REQUIRED ACTION
Starting at the first line of the entries below, please return exactly each line up to and including the one with "透け感:なし 裏地:なし 伸縮性:ややあり"; pictures stay out.

Stored items from a collection
=== Section Start ===

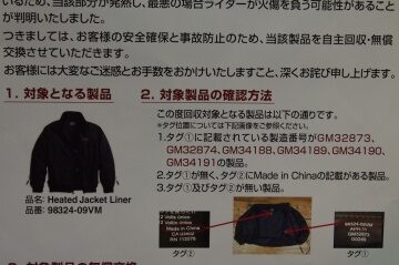 ハーレー純正ヒーテッドジャケットライナー(98324-09VM)をお持ちのお客様へお詫びとお知らせ 2010年7月~2012年2月出荷の上記製品において、腰部分で配線が重なっているため、当該部分が発熱し、最悪の場合ライダ…
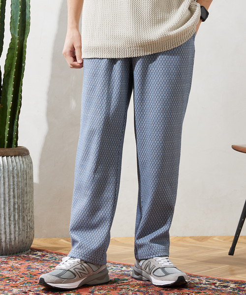 昨年大人気だったジャカード総柄ジャージーパンツが23ssも登場! 今年は前回よりも柄のモチーフを小さくアップデートしました。 様々なコーディネートに合わせやすくなり、総柄ボトムビギナーの方にもおすすめのアイテム。 プリントではなく、生地を仕立てる段階で柄が織り込まれた立体感のあるジャガード織なので生地に高級感があります。 シルエットは1タックのイージーパンツ仕様で、腿周りはゆったりとしつつ、裾に向かってややテーパードさせたシルエット。 ポリウレタン混紡で伸縮性を持たせ、腰周りはスピンドルでイージーパンツ仕様に仕上げました。 お出かけ着としてはもちろん、ご自宅や周辺でのワンマイルウェアとしても履いていただけるリラクシーな着心地です。 ********************** 透け感:なし 裏地:なし 伸縮性:ややあり 光沢感:なし 生地の厚さ:普通 ********************** 【スタッフ着用コメント】 《スタッフH》 身長:173cm/体重:62kg/体型:中肉中背/普段サイズ:M/着用サイズ:L サイズ感:見た目スッキリですが、太もも辺りは太めのサイズ感です。 素材感:凹凸のある素材感です。 着心地:肌当たりも良く、暑い日でも快適に履くことができます。 ********************** 《画像についてのご注意》 ※照明の関係により、実際よりも色味が違って見える場合があります。 またパソコン・スマートフォンなどの環境により、若干製品と画像のカラーが異なる場合もございます。 ※商品の色味は、商品アップ画像をご参照ください。 《商品のお気に入り登録について》 「カートに入れる」または「予約する」右側のハートマークを押していただくと、 再入荷、残り1点、セールなどの通知を受け取ることが出来ます。 《ブランドお気に入り登録について》 JOURNAL STANDARD relumeのトップページ右上にある「お気に入りブランドに追加」を押していただくと、 新商品や再入荷、ショップのおすすめトピックスなど、いち早くブランドの情報を受け取ることが出来ます。 本体:洗濯機洗い(弱)
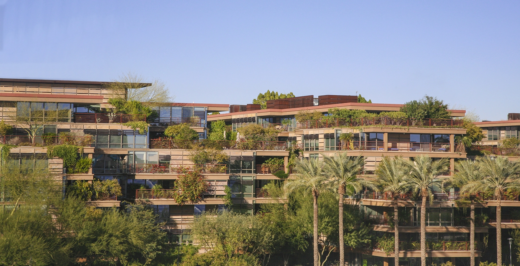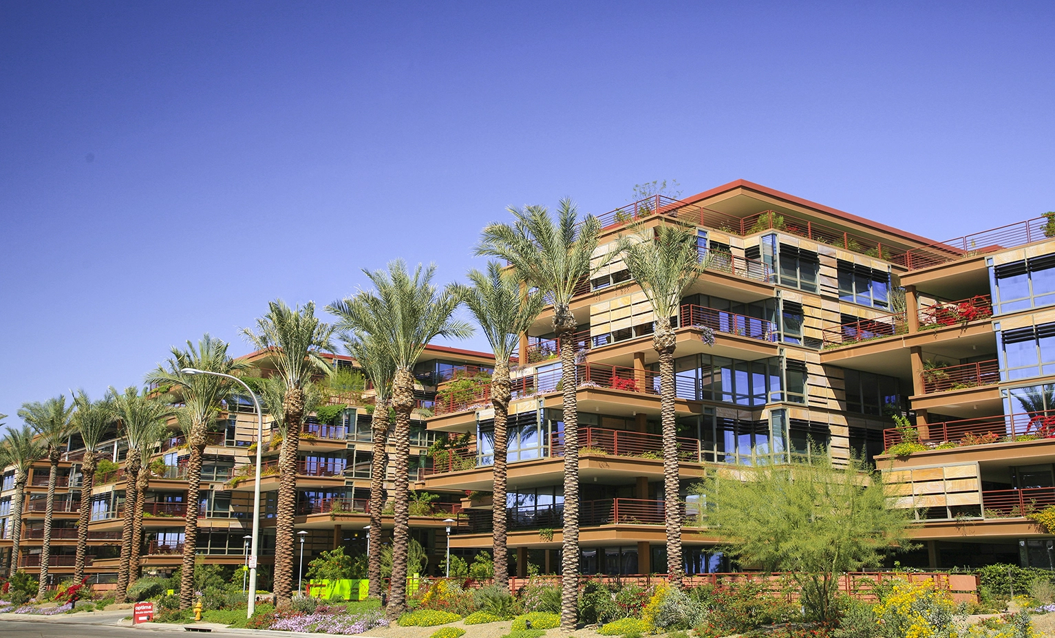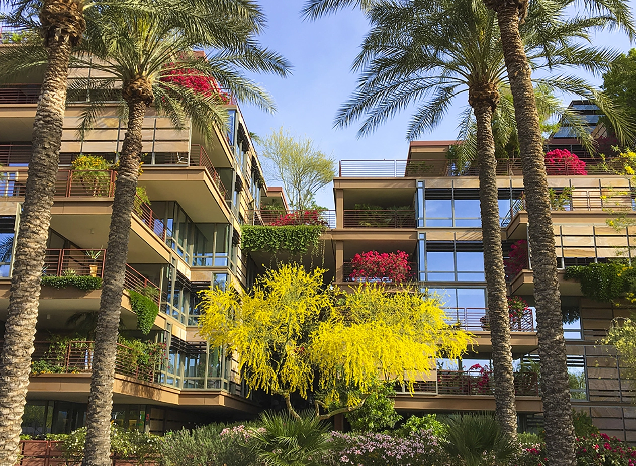 Vertical Oasis: Verdant Sustainability in an Arid Climate Optima Camelview is a shining example of design best practices. The landscape architects combined research, aesthetics, functionality and sustainability to create a stunning landscape in the heart of downtown Scottsdale, Arizona. In a city known for its natural beauty and commitment to environmental awareness, this project fits right in and immediately stands out. Landscape Concept Optima Camelview boasts 17 acres of landscaped terraces, exceeding the total 13-acre site area. The overall landscape concept is inspired by the natural ecology of the surrounding region. Rooftops are planted with the type of arid plants found on the surrounding mountains such as palo verde and cacti. The environment transitions into lusher plantings at the lower levels with ‘bosques’ of native mesquite and ironwood trees. The canyon-like feeling is reinforced by the linear form of the recessed central courtyard and includes pools & reflecting ponds reminiscent of a riparian oasis with the added benefit of providing natural cooling effects. Integrated Urban Context This highly technical over-structure community consists of eleven interconnected residential garden towers, which incorporate more than 500,000 square feet of green roof across all levels of the complex providing a welcome respite in the local environment. Surface parking was eliminated to provide more landscaped open space and promote stronger neighborhood connections. This is an innovative move in an urban environment where parking lots claim large of amounts of square footage. A series of public courtyards link the project together to create a park-like environment. The central promenade of the complex forms the northern terminus of Scottsdale’s Art District and dramatic pieces of sculptural art are integrated throughout the public realm which encompasses the entire street level and central sunken courtyard. Highly Sustainable Optima has received numerous sustainability awards including LEED Gold Certification. The environmental and sustainability benefits of green roofs are well documented, particularly in a dense urban setting – • provides evaporative cooling • re-oxygenates the air • reduces airborne particulate matter • dramatically reduces stormwater runoff • mitigates the heat island effect • reduces urban noise • creates habitat for wildlife • provides a 20% reduction in overall energy costs • increases the life cycle of the overall roofing system, • lowers long-term operating and maintenance costs • reduces infrastructure requirements Additionally, every unit has its own private green roof terrace providing physical and psychological benefits to residents. Challenges Optima was the first project of this scale to utilize an ‘extensive’ or shallow green roof system in a truly arid environment. The available 5” soil profile presented a number of serious technical and logistical challenges for the design team. While this approach has been successfully employed in cooler climates, there were no comparable precedents in the desert southwest where it’s typical to have at least 24” of soil depth in order to maintain adequate soil moisture and temperature for plants to survive harsh conditions. Groundbreaking Research To address these concerns, the landscape architect organized a collaborative research team including graduate students from Arizona State University’s School of Sustainability along with regional horticulturists to develop prototype test beds to determine a best system approach to ensure successful design. A series of elevated test beds were established to systematically test the viability of each component of the green roof system including – • various plant types (native, desert adapted, ornamental, attractors, succulents) • soil type (organic, sandy, silt) • topdressings (desert pavement, decomposed granite, organic mulch) • irrigation systems (drip, spray, subterranean) as well as irrigation protocols (frequency, duration, time of day) Test beds were elevated and glass panels were placed to replicate the proposed rooftop conditions. Structures were mocked up to replicate shade conditions for the north, east and lower interior exposures. Soil probes and monitors recorded the environmental variables for each combination of the system components, including water application and drainage, soil moisture and temperature and ambient conditions. Plant growth and health was closely monitored over an 18-month period. The results of this research were used to determine the right balance between form and function in the final design as well as the ongoing operations and maintenance of the project. This approach was groundbreaking for this application in an arid environment and led to a highly water efficient, low maintenance and aesthetically beautiful design. The remarkable success of Optima Camelview has provided a beautiful proof of concept case study for the integration of green roof technologies into an arid urban environment. The project has been widely published and the research and technologies developed by the design team continue to inform similar projects throughout the world.
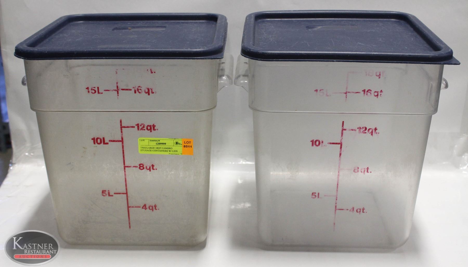TWO LARGE 18QT CAMBRO STORAGE CONTAINERS W/ LIDS
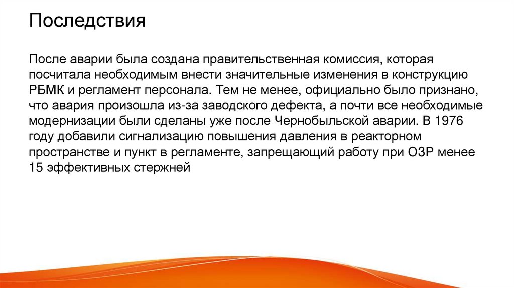 ПоследствияПосле аварии была создана правительственная комиссия, которая
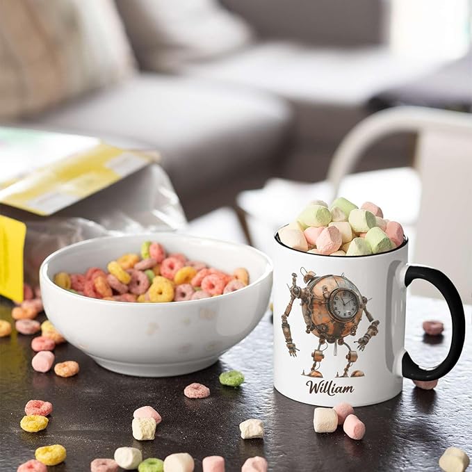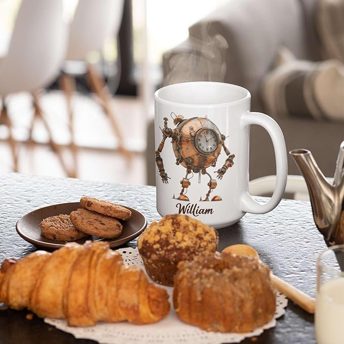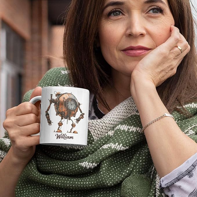 - ✨【UNIQUELY PERSONALIZED】Dive into the world of steampunk with this Steampunk Robot Coffee Mug featuring a custom name and mechanical-themed design. Available in 11oz or 15oz sizes, this ceramic cup gift for steampunk enthusiasts. Click "Customize Now" to create a personalized gift for your daughter or son. This unique white cup is ideal for daily use and makes a fantastic and thoughtful present for any occasion.
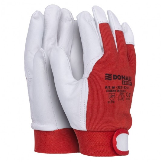 Rękawice robocze Donau Safety, skóra kozia po stronie dłoni, rzep, rozm. 10/XL, biało-czerwone
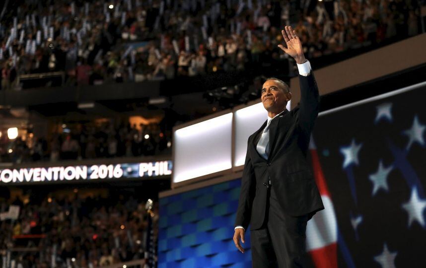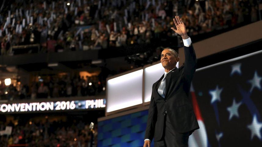 El presidente y la candidata presidencial –exsecretaria de Estado bajo la administración de Obama– caminaron hasta encontrarse de frente y confundirse en un fuerte abrazo que sirvió como evidencia del equipo que ambos han formado. Acto seguido, Obama y Clinton levantaron juntos las manos unidas, en señal de victoria, en señal de equipo y en señal simbólica de que el bastón del Partido Demócrata está oficialmente en manos de Clinton.
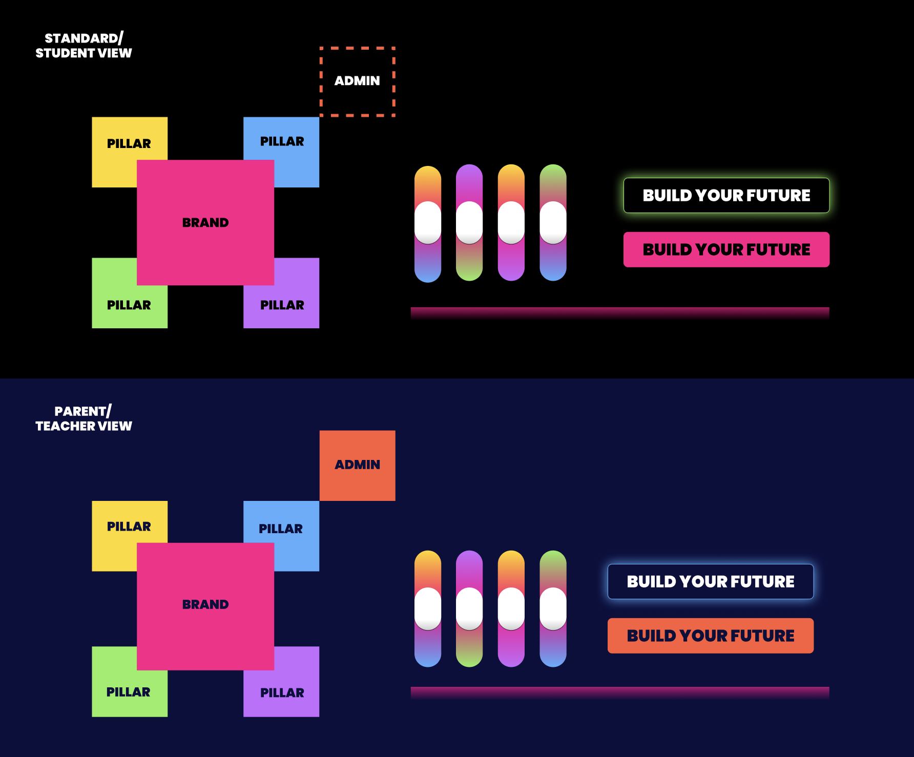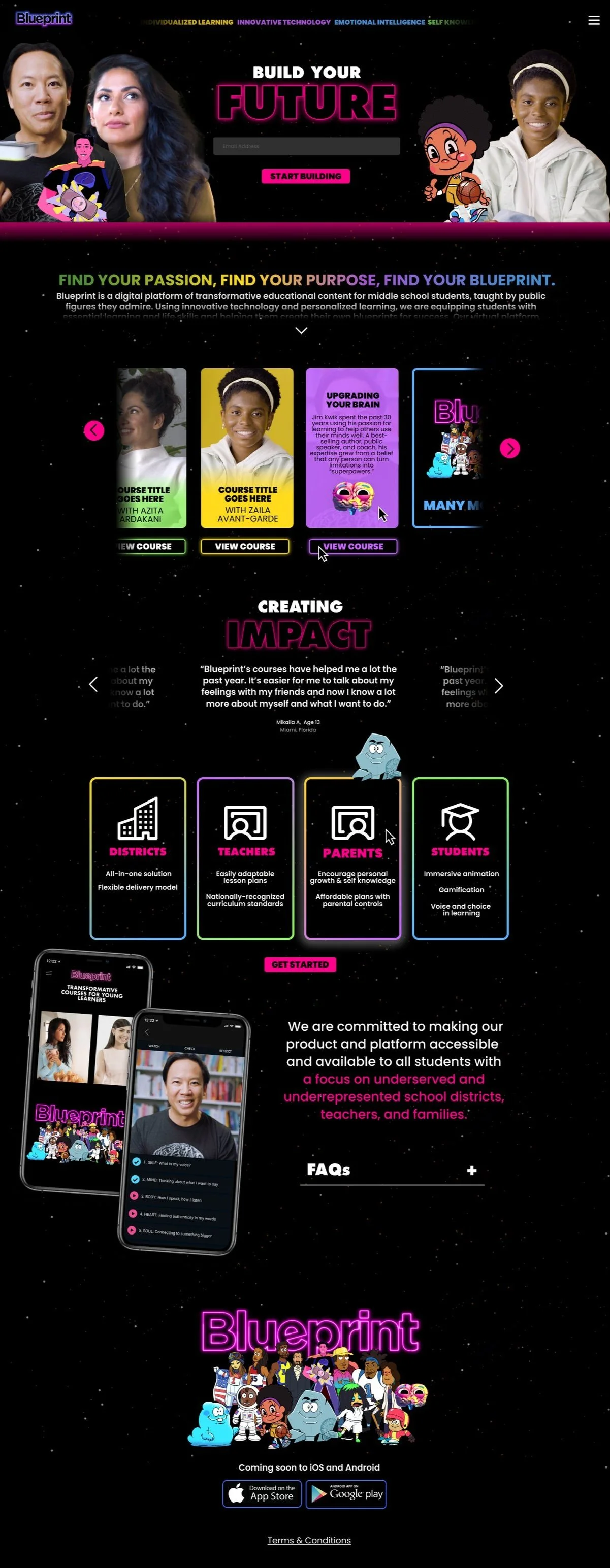 I evolved the Blueprint brand system to create a digital presence that’s futuristic & engaging for middle school students, complete with color palette & digital style guide.
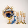 Yapay Çiçekli Kare Ayaklı Gold Şamdanlı Set No:8
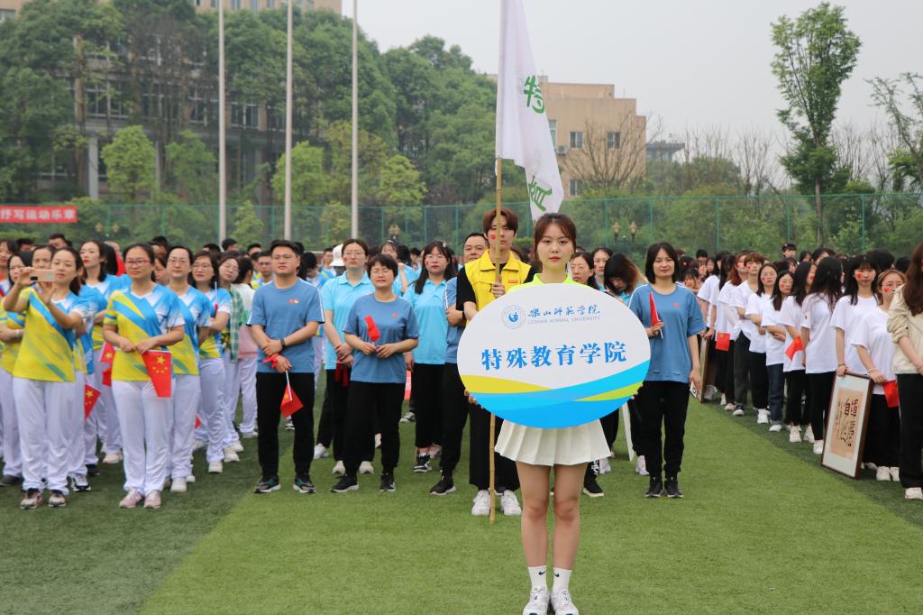 4月22日上午九点,举行运动会开幕式,17个学院的运动员方队依次入场,我院由学院领导、辅导员、普通学生和听障运动员组成的“青春奋斗”主题展演方队第一个入场,赛前,他们辛勤排练,当天,他们以昂扬的风采、青春的舞姿、嘹亮的口号,展现出特教学子的青春活力。开幕式结束后,运动会正式开始,运动员们到各自的比赛项目点检录准备比赛。
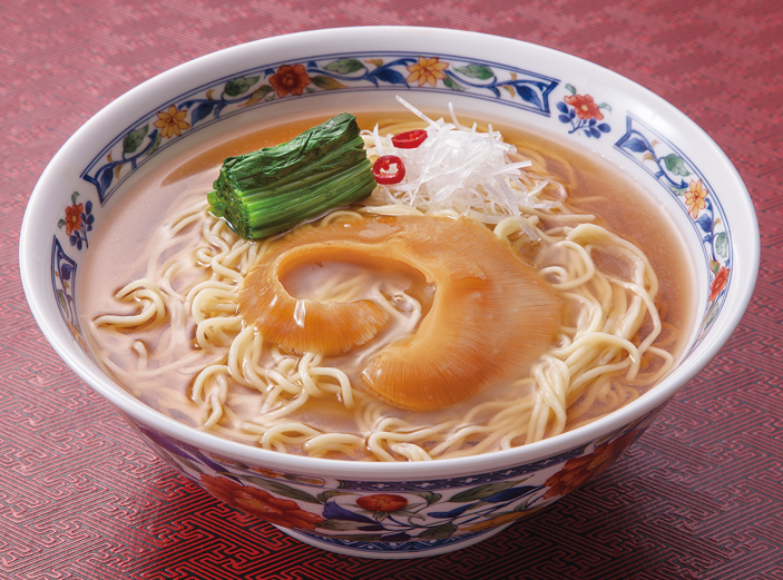 塩味ベースのスープは、イワシ煮干しや宗田ガツオなどの魚介エキスや魚醤の風味が加わった海鮮風味。チキンやポークの旨みに鶏脂、香味ネギ油なども入ってコクも香りも豊かに楽しめます。
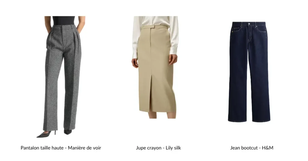 À éviter : pantalons taille basse ou coupe trop droite qui aplatisse la taille.
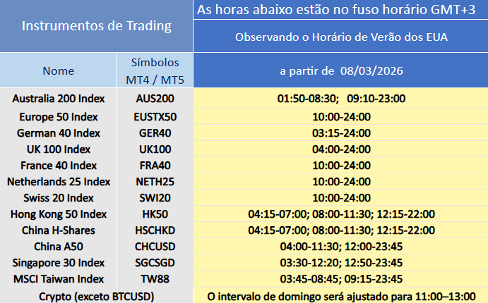 Devido ao próximo início do Horário de Verão nos EUA, os horários de trading dos produtos relacionados serão ajustados em março de 2026.
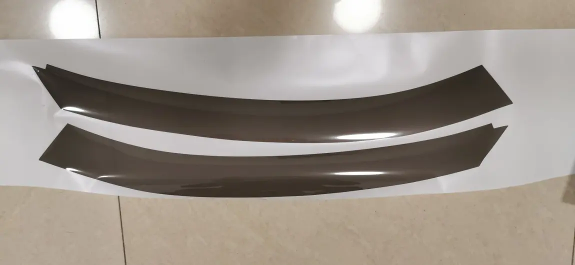 我选择了成品膜,适合初学者。先比对灯与膜位置,然后喷雾、开贴。软刮板负责刮出多余水分,热风枪调至200度烘干定型,注意此处避免温度过高膜变形,先拿小灯练练手,哈哈,So easy啊😄
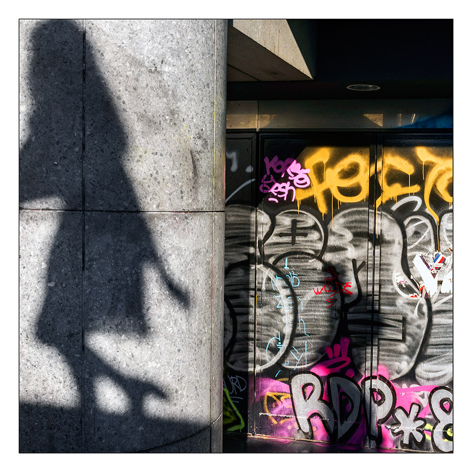 j'ADORE avec un grand A et sans restriction. L'ombre du pied talonné est extra. Voilà un graff utilisé avec génie. SUPER et c'est rare quand je m'enthousiasme autant. Bravo à l'auteur(e)
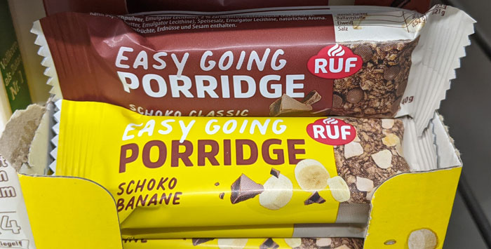 Die Artikel sind nicht weiter erwähnenswert (der von mir probierte "Pancake" mit Pistazien-Füllung hat mich leider auch nicht zu weiteren Tests motiviert), aber als eine Kollegin die Preisschilder an dem Aufsteller befestigt hat, musste ich schmunzeln. Mein erster Gedanke, den ich auch spontan laut aussprach: "Das sieht aber scheiße aus."
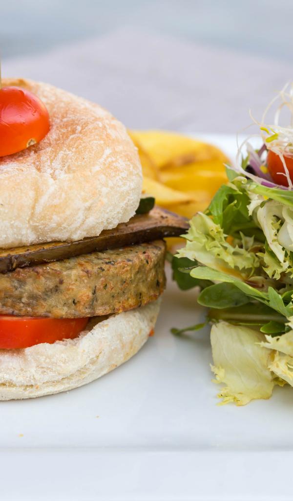 Wallpaper Big hamburger with salad on the table

=== Section End ===

RESPONSE TO THIS EXERCISE
 ハーレー純正ヒーテッドジャケットライナー(98324-09VM)をお持ちのお客様へお詫びとお知らせ 2010年7月~2012年2月出荷の上記製品において、腰部分で配線が重なっているため、当該部分が発熱し、最悪の場合ライダ…
 昨年大人気だったジャカード総柄ジャージーパンツが23ssも登場! 今年は前回よりも柄のモチーフを小さくアップデートしました。 様々なコーディネートに合わせやすくなり、総柄ボトムビギナーの方にもおすすめのアイテム。 プリントではなく、生地を仕立てる段階で柄が織り込まれた立体感のあるジャガード織なので生地に高級感があります。 シルエットは1タックのイージーパンツ仕様で、腿周りはゆったりとしつつ、裾に向かってややテーパードさせたシルエット。 ポリウレタン混紡で伸縮性を持たせ、腰周りはスピンドルでイージーパンツ仕様に仕上げました。 お出かけ着としてはもちろん、ご自宅や周辺でのワンマイルウェアとしても履いていただけるリラクシーな着心地です。 ********************** 透け感:なし 裏地:なし 伸縮性:ややあり 光沢感:なし 生地の厚さ:普通 ********************** 【スタッフ着用コメント】 《スタッフH》 身長:173cm/体重:62kg/体型:中肉中背/普段サイズ:M/着用サイズ:L サイズ感:見た目スッキリですが、太もも辺りは太めのサイズ感です。 素材感:凹凸のある素材感です。 着心地:肌当たりも良く、暑い日でも快適に履くことができます。 ********************** 《画像についてのご注意》 ※照明の関係により、実際よりも色味が違って見える場合があります。 またパソコン・スマートフォンなどの環境により、若干製品と画像のカラーが異なる場合もございます。 ※商品の色味は、商品アップ画像をご参照ください。 《商品のお気に入り登録について》 「カートに入れる」または「予約する」右側のハートマークを押していただくと、 再入荷、残り1点、セールなどの通知を受け取ることが出来ます。 《ブランドお気に入り登録について》 JOURNAL STANDARD relumeのトップページ右上にある「お気に入りブランドに追加」を押していただくと、 新商品や再入荷、ショップのおすすめトピックスなど、いち早くブランドの情報を受け取ることが出来ます。 本体:洗濯機洗い(弱)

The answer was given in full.